The relationship between the making of a work of art and the reception of a work of art, is always active, and subject to conventions, which in themselves are forms of social organization and relationship, and this is radically different from the production and consumption of an object.

Again I think he is minimising the word 'object' a bit, but I agree with the general point. There are also complex relationships in the making of other 'objects' like tins of food, scientific theories, smartphones, political ideas, humans: art doesn't seem exceptional here to me.

What this can show us here about the practice of analysis is that we have to break from the notion of isolating the object and then discovering its components. On the contrary we have to discover the nature of a practice and then its conditions.

This makes sense as a conclusion! Good job!

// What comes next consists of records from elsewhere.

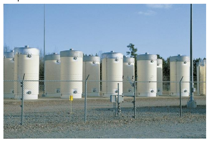
Figure 4: Example of a TISF

The TISF will meet the requirements of the NNR and will be built and managed in accordance with the International Atomic Energy Agency safety standards. Construction of the TISF will commence in 2018 and will take approximately 12 months to complete. The construction laydown area will be located within the proposed TISF site to reduce the disturbance footprint.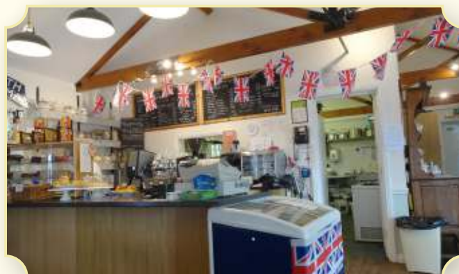
BUTLER HENDERSON CAFÉ - QUORN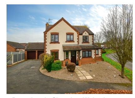
3 Danesbrook, Claverley, Wolverhampton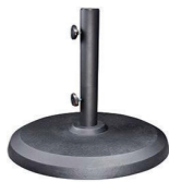
GARDEN 50 LB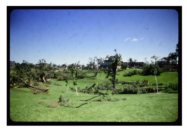
Figure 2. Extensive tree damage to parkland adjacent to the cosmetically-damaged Theodore Wirth home and Minneapolis Park Commissioner's residence, 40<sup>th</sup> and Bryant.

The tornado struck during what had already been a stormy weekend. Heavy rains on the 12<sup>th</sup> and 13<sup>th</sup> had caused minor flooding, and an outbreak of thunderstorms on the morning of the 14<sup>th</sup> produced two tornadoes in far southern Minnesota, along with thunderstorm winds in excess of 100 mph in Dakota County. Immediately prior to the tornado forming, golfball-tobaseball-sized hail had been reported near Mound, and large hail continued to be associated with the parent thunderstorm during and after the tornado's passage. As the tornado was entering Minneapolis, another tornado from a different thunderstorm struck a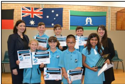
Finalists Stage Three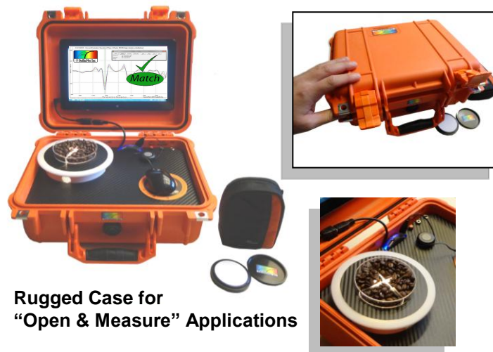
Rugged Case for "Open & Measure" Applications

The StellarCASE features an internal main power control system with ON, OFF, & Charge buttons. The NIR reflectance fixture mounts directly into the system's acrylic mounting surface for easy access.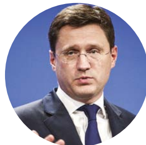
Minister of Energy of the Russian Federation Alexander Novak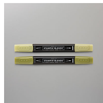
Old Olive Stampin' Blends Combo Pack [154892] $9.00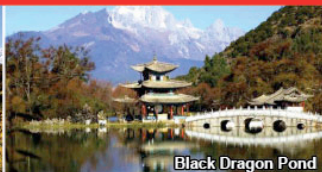
Black Dragon Pond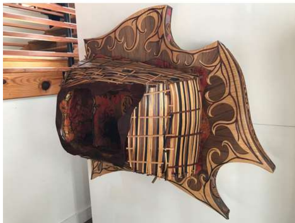
Dragons Lair 38 X 48 X 22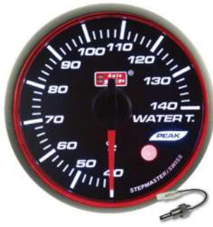
52AGWT-RPK ELECTRICAL WATER TEMP GAUGE ! >100°C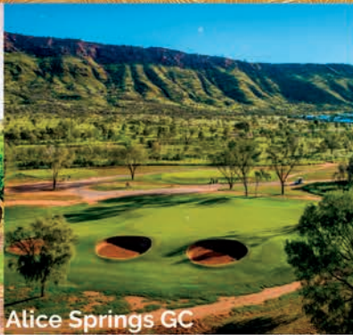
Alice Springs GC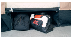
Optimal storage areas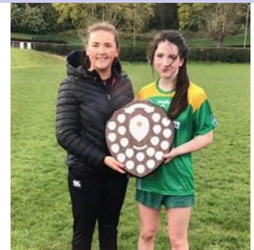
Junior ‘Camogs’ lift Down Shield Title in Castlewellan

However, the Global Pandemic put all aspects of life on hold, including our participation in Ulster Schools Gaelic sports. We look forward to the end of this pandemic and competing once again against other schools for Ulster titles. We also look forward to the wonderful experiences that come with team sport and in particular, playing as teammates on St. Louis teams.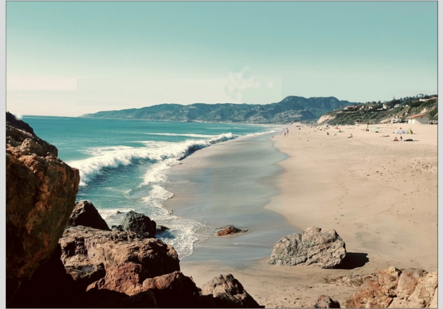
Zuma Beach, Malibu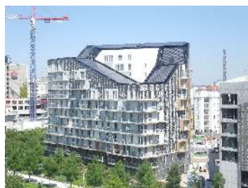
Figure 2 – Low-energy building in Paris' 17 th arrondissement. 96 kW BIPV designed and installed by Sunvie.

The RT 2012 thermal regulation sets the maximum permitted primary energy consumption level for new buildings at 50 kWh/m 2 per year. This regulation offers new growth opportunities for France's solar power sector (Figure 2 shows an example of a low-energy building constructed in accordance with RT 2012). Furthermore, this regulation is an intermediate step towards a future regulation (RT 2020, the so-called BEPOS positive-energy buildings), under which new buildings will be required to become net producers of energy.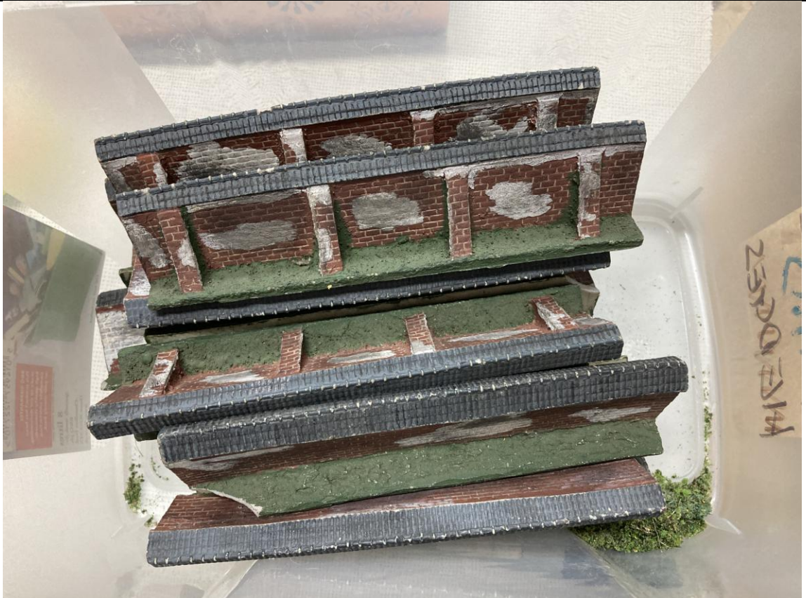
6 - 28mm Walls

Although it seems useful in a lot of situations to examine a practice through the residue of artifacts it leaves behind, so understanding objects has to play a part here somewhere.

I am saying that we should look not for the components of a product but for the conditions of a practice.

Sounds like a good idea. 'A practice' sounds a bit individualistic though, presumably we could also have the practice of punk musicians in 1970s and the practice of schoolboys in Belfast as well as the practice of Stiff Little Fingers.

The irreducibly individual projects that particular works are.

How can you say this after writing all the rest of this essay? Are you implying there is only a practice when objects are taken in relation to each other, and one single object is on its own unique or isolated? I dont think I agree.

what we are actively seeking is the true practice which has been alienated to an object

Sounds like there is a 'correct reading', is this true. A 'true' practice sounds unlikely, maybe a true history would be more useful, but even then that doesn't fully define what something is/means now or what it can do in future. No truth for me thanks anyway.